Apache OpenOffice (AOO) Bugzilla – Issue 111579
Opening large html excel document from SAS
Last modified: 2023-01-04 22:15:50 UTC
I've got a big excel sheet coming from SAS that is an HTML with the xmlns:x="urn:schemas-microsoft-com:office:excel" schema. It contains around 26900 rows, but at around row 5600 it break and the rest of the rows are merged into a single cell. Is there a bug around?
Created attachment 69445 [details] the file that generate the problem
My MS EXCEL-Viewer will not open "dettaglio_rendiconti_dip_fittizio.xls" at all (without explaining what the problem might be), so I believe "opens with errors" is not such a bad result. My "Ooo 3.1.1 WIN XP DE[OOO310m19 (Build 9420)]" hangs when I try to open sample document from explorer (or, may be, I only was to impatient). My Seamonkey 2.0.4 browser opens a renamed "dettaglio_rendiconti_dip_fittizio.html" without problems. "Ooo-Dev 3.2.1 multilingual version English UI WIN XP: [OOO320m16 (Build 9497)]" will open as a (html?) text document with file type "*", the document looks like renamed .html document in OOo and shows the reported error. Related to Issue 89332? @gioppo: Pls. explain SAS - Scandinavin Airlines? Société par Actions Simplifiée? ;-) In what OOo component did you see the document - really CALC or WRITER?
SAS business analitics and business intelligence tool. The file opens correctly with excel 2003. Is produced by a SAS reporting web application (is an "excel export"). This is a problem since big vendors usually do not ship with OOo export option, but only excel. The program used is just Calc since it was an excel export. Tryed renaming it as html and opening with writer, it takes A LOT of time to open (take a couple of coffee and have a chat) it opens in writer/web but is SSSLLOOOWWWW painfully slow adn present the same error at some point the table breaks and all ends up in the same paragraph. I believe the relation to issue 89332 could be correct. It seems that on large documents the xml/html parser gets mad. I understantd that the formatting is the M$ mess, but is just a big table, something a browser digest with no problem and also any html editor. Any java out of memory problems around possible?
I forgot to mention: " ... open sample document from explorer BY DOUBLE CLICK. I tried EXCEL VIEWER 8.0 and 12.0 Result with "Ooo 3.1.1 WIN XP DE[OOO310m19 (Build 9420)]" and right click "open with SCALC" from WIN EXPLORER": OOo hanged (I stopped the attempt after 15 minutes).
Some new info. Also firefox takes a bit of time in opening the file. Also if I open the file with excel (no problem and really quick) and save as excel format and not html the file is opened by Calc without any trouble. There is something in the parsing of the file (HTML/XML)
Have to wait more than 15 minutes, just take a lunch ;-) and have faith
Also if you leave the extension xsl calc propose an import much like a csv stuff ... no good. If file renamed xslx it opens it without no problem. Version OOo used 3.2m13 from go-oo, will also check on SUN (ops Oracle) build.

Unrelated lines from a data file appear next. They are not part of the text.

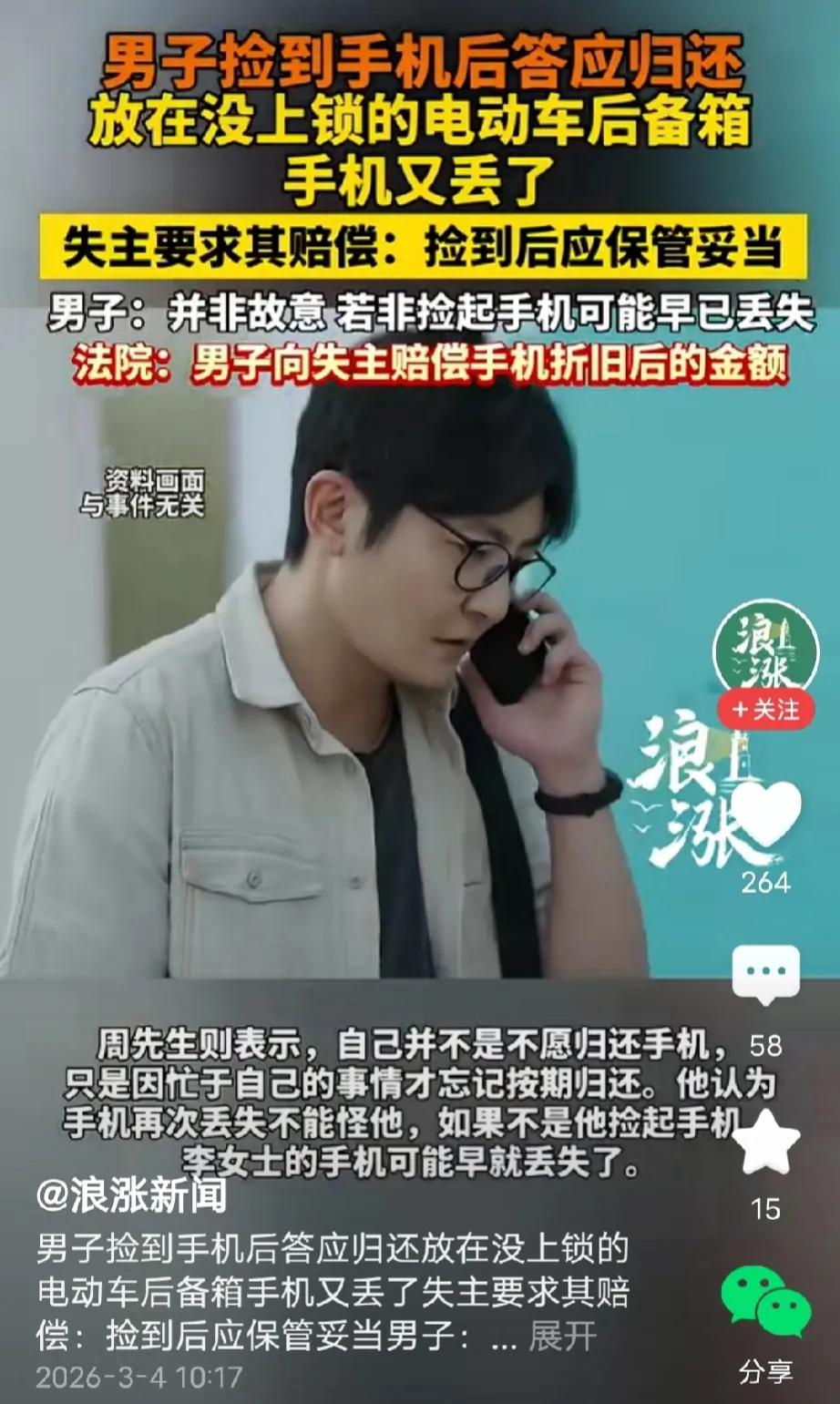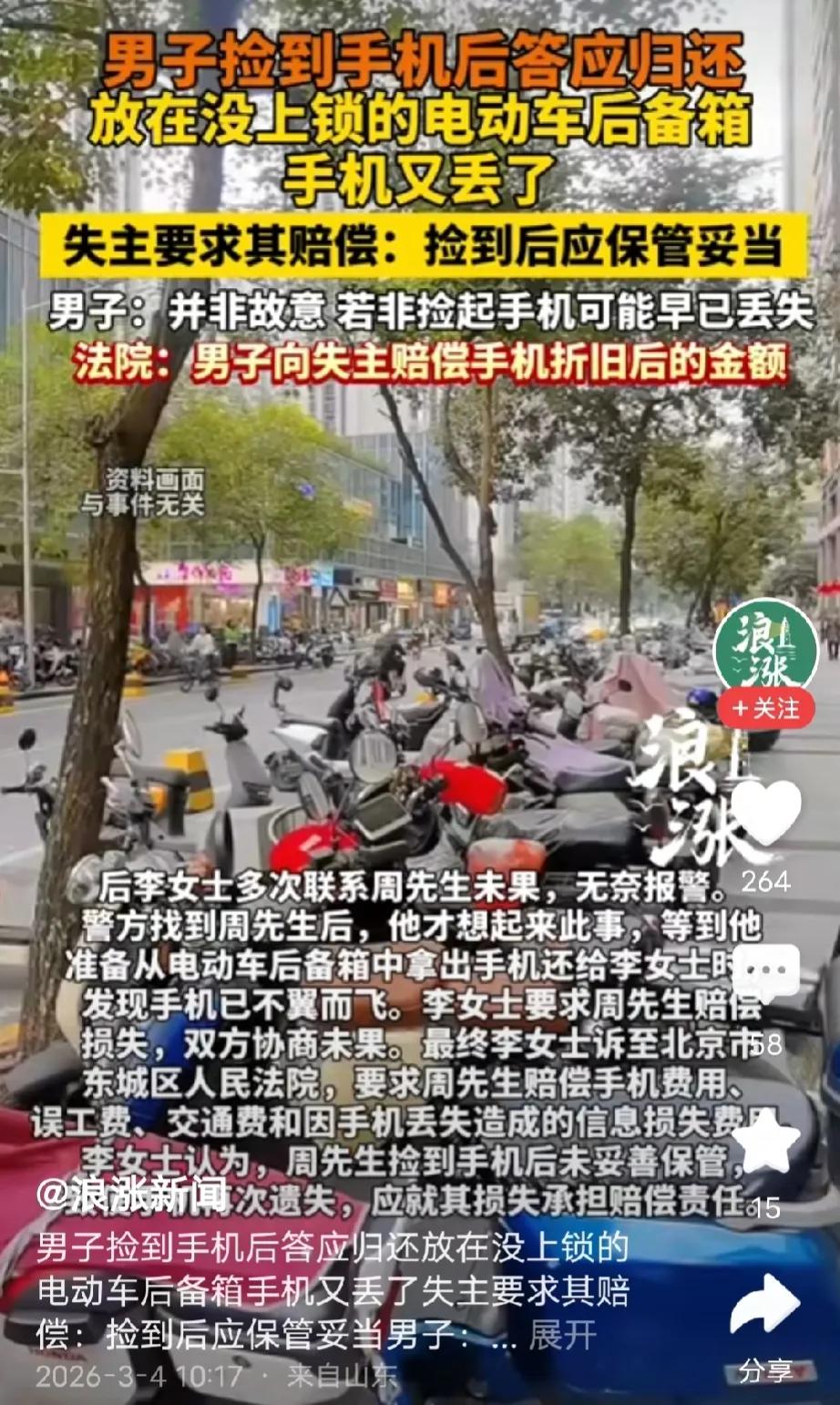 北京,男子捡得一部手机,接到失主电话后,本想归还,谁料,刚好有急事要回老家,就把手机放在电动车后尾箱,失主多日拿不回手机急得报警处理,没想到,男子回来后发现后尾箱的手机被偷了。女子要求男子赔偿,男子可不干,若不是他捡到,手机早就丢了,坚决不赔。女子气不过,告上法庭,法院判决亮了。 2025年9月份的一天,周先生在骑电动车回家的路上,突然看到离他不远处有一个东西闪着亮光,他骑车过去一看原来是一部手机。 他看到手机壳上贴了很多水晶一样的颗粒,那些颗粒在阳光的照射下,发出耀眼的亮光。 周先生四周看了一圈发现空无一人,他估计丢手机的人已经走远了。 周先生只好捡起手机,往家的方向走,就在他准备回到家的时候,那部手机响了。 周先生赶紧按下接听键,是失主打来的,她告诉周先生因为骑车时手机没放好,弄丢了,希望周先生能把手机还给她。 周先生爽快地答应了,不过,他说他有急事需要处理,等忙完了会尽快联系女子。 之后女子告诉周先生她姓李,并给周先生提供了一个号码,让他忙完了尽快归还手机。 周先生挂了电话后,随手就把手机放在电动车后尾箱骑上电动车往家的方向赶。 谁料,周先生回到家后,家人告诉他让他回老家紧急处理一点事。 当天周先生是骑着电动车到地铁口,再乘坐地铁到车站的,而他的电动车就锁在了地铁口。 周先生回到老家后,因为忙着处理事情,一时之间竟然把还手机这事给忘了。 那边李女士迟迟等不到周先生的回信,心急如焚,她打自己的电话起初是不接听,后来直接关机了。 再多次联系不上周先生后,李女士火了,他认为周先生是故意失联,想私吞手机,直接报警处理。 警方通过调查该路段的监控,最终锁定嫌疑人周先生。 周先生面对民警的询问,赶紧去电动车后尾箱找,当他打开后尾箱,才发现里面空空如也,李女士的竟然手机被偷了。 李女士又气又无奈,手机被偷了是张先生没保管好,他有责任,所以得赔偿。 张先生觉得很冤,凭什么让他赔?要不是他捡到,手机早就丢失了,坚决不赔。 李女士气不过,把周先生告上法庭,要求赔偿手机费用、误工费、交通费还有因手机丢失造成的信息损失费。 而法院经过审理认为,周先生捡得手机后,没及时归还未做到妥善保管义务,也没有交到派出所,他的行为属于故意或者重大过失致使遗失物毁损、灭失的,应当承担民事责任。 最终法院判处周先生赔偿手机折价费。 从情理上说,这事其实两边都有点委屈。周先生本来是好心捡手机,也答应归还,没想着占为己有,结果临时有事回老家,把手机放尾箱忘了,回来还被偷了,自己也觉得冤。 但李女士丢了手机,一直联系不上,最后还没了,肯定着急又生气。 虽然周先生是好心,但捡到东西就有责任保管好,不能随便一放就不管了。 他没尽到看管责任,最后手机丢了,于情于理都该承担点赔偿,法院这么判,也是在提醒大家,做好事也得负起责任。 《民法典》第316条规定,拾得人在遗失物送交有关部门前,有关部门在遗失物被领取前,应当妥善保管遗失物。因故意或者重大过失致使遗失物毁损、灭失的,应当承担民事责任。 本案中周先生捡到手机后答应归还,却将手机随意放在电动车后备箱,长期不妥善保管也未送交派出所,属于未尽到妥善保管义务,存在重大过失,最终导致手机被盗,符合法条中应当承担责任的情形,所以法院判决他赔偿手机折价费用是合法合理的。 对此,大家怎么看?
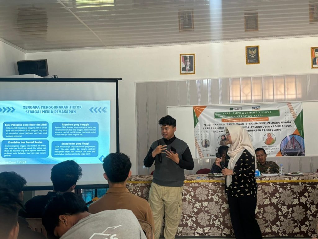 mengadakan kegiatan Pengabdian Kepada Masyarakat dengan tema Pelatihan Kewirausahaan “E-Commerce, Peluang Usaha Baru Era Digital” Bagi Pemuda-Pemudi Desa Kadumaneuh, Kecamatan Banjar, Kabupaten Pandeglang Banten, kegiatan ini berlangsung pada Kamis (25/7/2024).
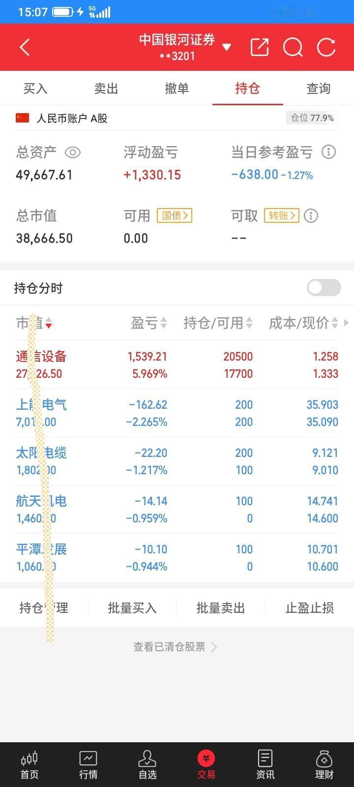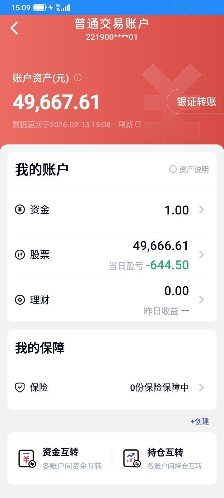 2026.02.13,春节前的最后一个交易日,又是大亏的一天,总是太贪心,上涨的不敢买,忍不住买入了就下跌了,一错再错,又亏多了。 上能,昨天很不想补仓的,最后一分钟没有忍住,想搏反弹,补仓了100股,今天竟然低开,反弹,但是反弹一点点,下午逐步下跌,收盘还又跳水,多亏了160多块钱。 太阳今天低开慢慢反弹,又贪心了,昨天赚几块钱,觉得买对了,但是买得太少,要乘胜追击,于是今天以9.12再补仓100股,但是今天没有那么好运了,买入之后就下跌,从赚钱到倒亏了十多块钱。 按照规则,今天太阳,上能都该卖掉,但是马上是长假,可能节后会大涨,就不按规则了,今天都不卖了,春节后再重新执行规则吧。 早上看到平潭高开高走,以前就想买,现在跌下来了,便宜多了,于是上午委托10.70买入100股,但是一直没有下跌,没有成交,下午终于跌下来了成交了,买不到的才是好东西,买的到就成垃圾了,买到之后就下跌,又多亏了十块钱。 以前航天没有追上,一直上涨,错过了,现在跌下来了,没有人要了,我觉得人弃我取,今天高开高走,然后回落,应该是好的买入时机了吧,至少比以前便宜呀,早上回落中以14.74买入100股航天,成交之后没有下跌,还以为买对了,但是下午还是下跌,又亏了十多块钱。 持有的etf下跌,还是网格交易,下跌就买入,下跌了0.025,收盘还拉起来0.001,收盘以1.333买入2800股。涨跌只是浮盈浮亏,上涨卖出,下跌买入,赚波动的差价,才是实实在在的。期望春节后好运吧。 今天转出5000块,把借呗的5000元免息30天的网贷还了,今天总市值3.8666万元,是个吉利的数字,总资产4.9667万元,也是不错的。今天大亏644元,这个月最终没有摆脱亏损的命运,亏了450多块钱,下午春节后赚回来吧。

The file is not in xsl format. Excel detects this and selects an import filter for you. Because OOo is not only a spreadsheet application like Excel, but a suite with other modules, it cannot know, which module you want and takes that module, which best fit to the content. Your file starts with <html> and so Writer/Web will be used. To open such files in Calc, you have to select the suitable filter yourself. Start OOo and open the file from inside OOo. First select the file and then select the file type. You need the type "Web Page Query (OpenOffice.org Calc) (*.htm;*.html)". The file will open in normal speed, at least it does in my DEV300m77. The upcoming dialog box helps, that numbers and dates are imported correctly. This is needed because for example in German 1.000 means one thousand and in US English only one; or in US English 2/3/2010 means 3.February and in GB English it means 2.March. Issue 89332 is about the feature, that OOo will open files, that are html in content but have xls as extension, in Calc automatically. But the solution is not integrated yet. *** This issue has been marked as a duplicate of 89332 ***
Mind that the problem IS NOT in the opening of the file, but in the visualization. It breaks at row 6000 or so. This is the real problem, making Calc open it is just a detail.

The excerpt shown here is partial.